Work request:
Your answer should be the records, copied exactly, with the pictures removed.

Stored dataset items
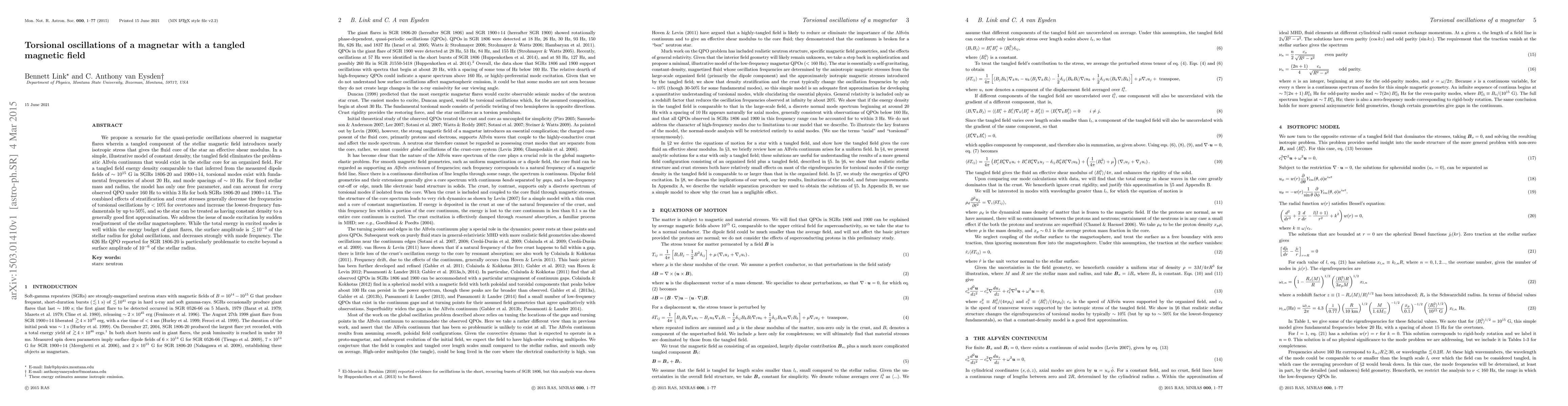 This paper proposes a model explaining quasi-periodic oscillations in magnetar flares through torsional oscillations driven by a tangled magnetic field, which provides an effective shear modulus to the core. The model predicts torsional modes with frequencies up to 20 Hz and can account for observed quasi-periodic oscillations up to 160 Hz.
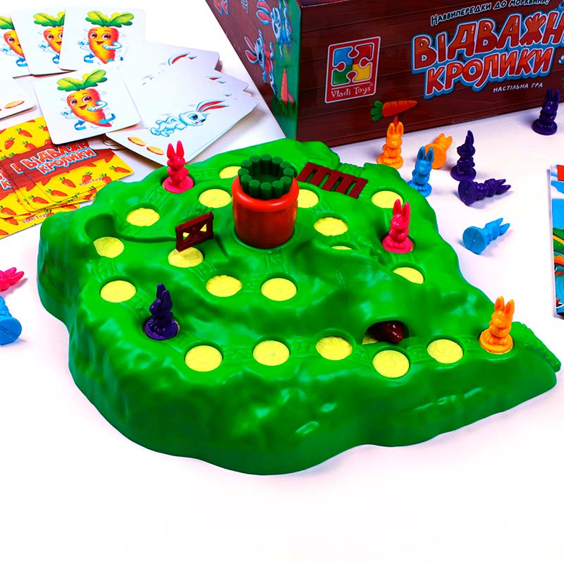 Відважні кролики запрошують до себе! Весела та динамічна настільна гра для дітей подарує незабутні емоції.
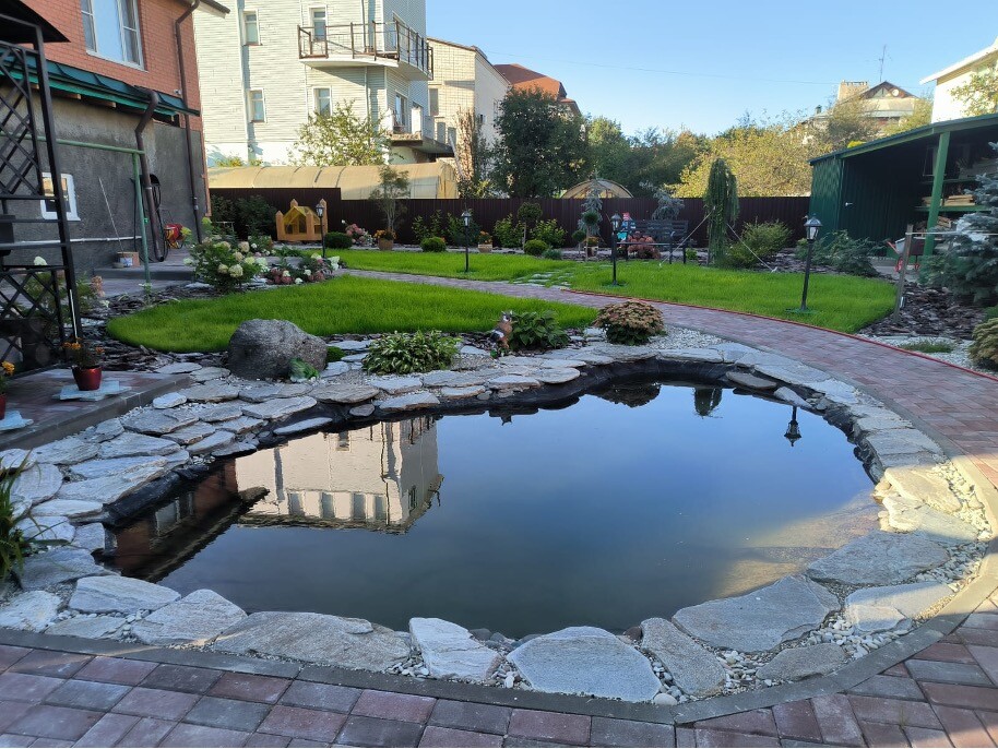 Создали водоем на участке загородного дома. Вся работа сделана с нуля, от выкопки под водоем до укладки камня по контуру.
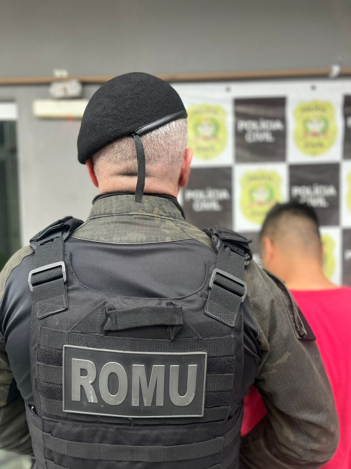 Diante dos fatos, a guarnição prestou atendimento à vítima, que demonstrou interesse em representar formalmente contra o autor. O suspeito foi abordado e informado de seus direitos, colaborando com os procedimentos da equipe, sem necessidade do uso de algemas.
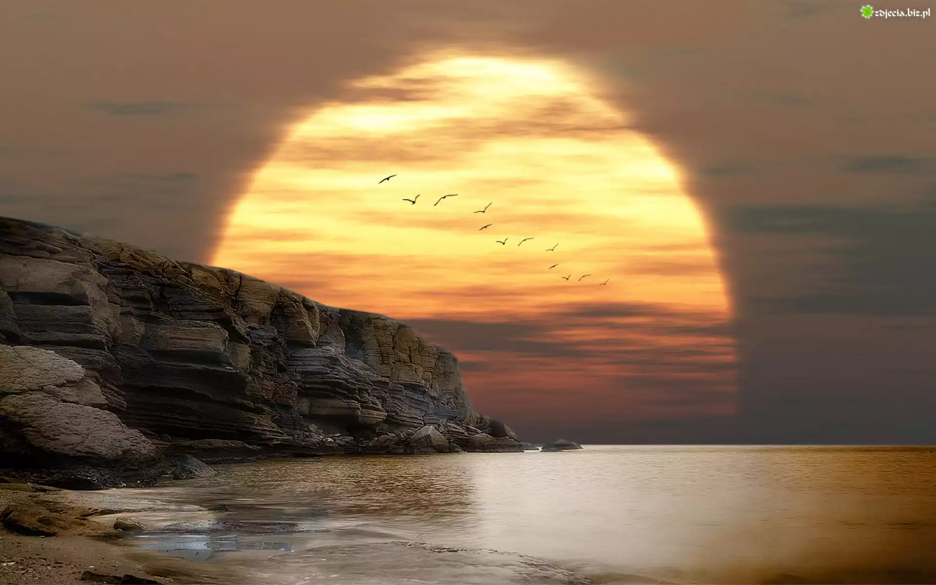 Zdjęcie Zachod, Słońca, Ptaki, Klif
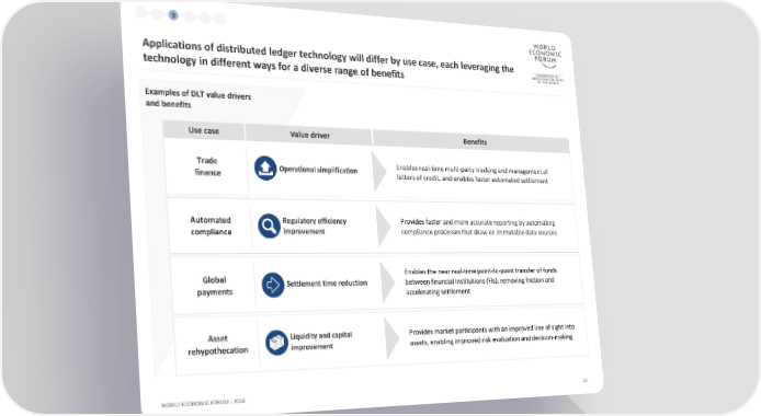 1 2 3 4 5 6 Applications of distributed ledger technology will differ by use case, each leveraging the technology in different ways for a diverse range of benefits Examples of DLT value drivers and benefits Use case Value driver Benefits Trade Operational simplification Enables real-time multi-party tracking and management of finance letters of credit, and enables faster automated settlement Automated Regulatory efficiency Provides faster and more accurate reporting by automating compliance improvement compliance processes that draw on immutable data sources Global Enables the near real-time point-to-point transfer of funds payments Settlement time reduction between financial institutions (FIs), removing friction and accelerating settlement Asset Liquidity and capital Provides market participants with an improved line of sight into rehypothecation improvement assets, enabling improved risk evaluation and decision-making WORLD ECONOMIC FORUM | 2016 21
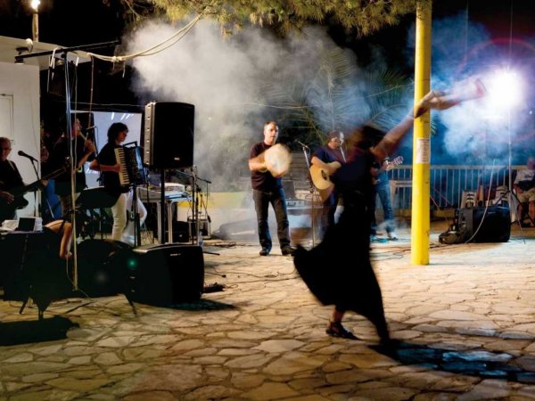Musicisti suonano all'aperto, una persona danza al centro della scena illuminata.
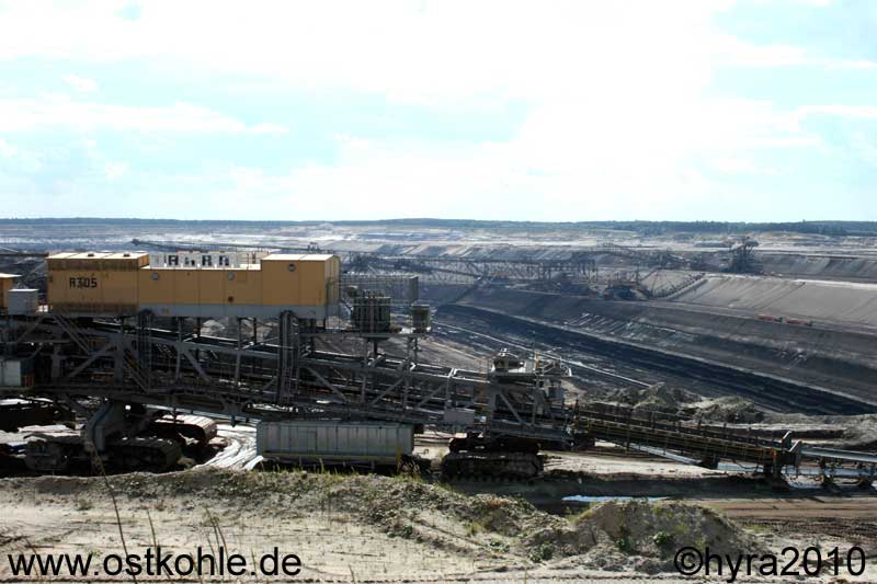 Blick vom Aussichtspunkt Nord über die Antriebsstation 305 in die Grube und auf die Förderbrücke
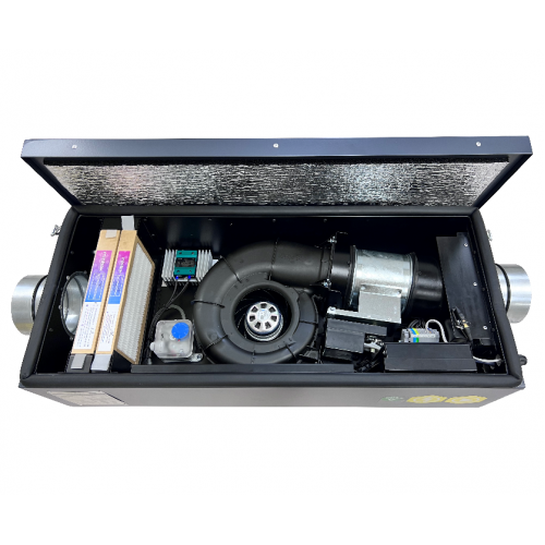 Вентилятор с ЕС-мотором (Германия). Очень тихий в классе, благодаря бесщеточной конструкции. Имеет 7-10 скоростей вентилятора. Встроенная автоматика изолирована от внешней среды, имеет полный комплект необходимых датчиков. Автоматика на выбор.

Reply:
 This paper proposes a model explaining quasi-periodic oscillations in magnetar flares through torsional oscillations driven by a tangled magnetic field, which provides an effective shear modulus to the core. The model predicts torsional modes with frequencies up to 20 Hz and can account for observed quasi-periodic oscillations up to 160 Hz.
 Відважні кролики запрошують до себе! Весела та динамічна настільна гра для дітей подарує незабутні емоції.
 Создали водоем на участке загородного дома. Вся работа сделана с нуля, от выкопки под водоем до укладки камня по контуру.
 Diante dos fatos, a guarnição prestou atendimento à vítima, que demonstrou interesse em representar formalmente contra o autor. O suspeito foi abordado e informado de seus direitos, colaborando com os procedimentos da equipe, sem necessidade do uso de algemas.
 Zdjęcie Zachod, Słońca, Ptaki, Klif
 1 2 3 4 5 6 Applications of distributed ledger technology will differ by use case, each leveraging the technology in different ways for a diverse range of benefits Examples of DLT value drivers and benefits Use case Value driver Benefits Trade Operational simplification Enables real-time multi-party tracking and management of finance letters of credit, and enables faster automated settlement Automated Regulatory efficiency Provides faster and more accurate reporting by automating compliance improvement compliance processes that draw on immutable data sources Global Enables the near real-time point-to-point transfer of funds payments Settlement time reduction between financial institutions (FIs), removing friction and accelerating settlement Asset Liquidity and capital Provides market participants with an improved line of sight into rehypothecation improvement assets, enabling improved risk evaluation and decision-making WORLD ECONOMIC FORUM | 2016 21
Musicisti suonano all'aperto, una persona danza al centro della scena illuminata.
 Blick vom Aussichtspunkt Nord über die Antriebsstation 305 in die Grube und auf die Förderbrücke
 Вентилятор с ЕС-мотором (Германия). Очень тихий в классе, благодаря бесщеточной конструкции. Имеет 7-10 скоростей вентилятора. Встроенная автоматика изолирована от внешней среды, имеет полный комплект необходимых датчиков. Автоматика на выбор.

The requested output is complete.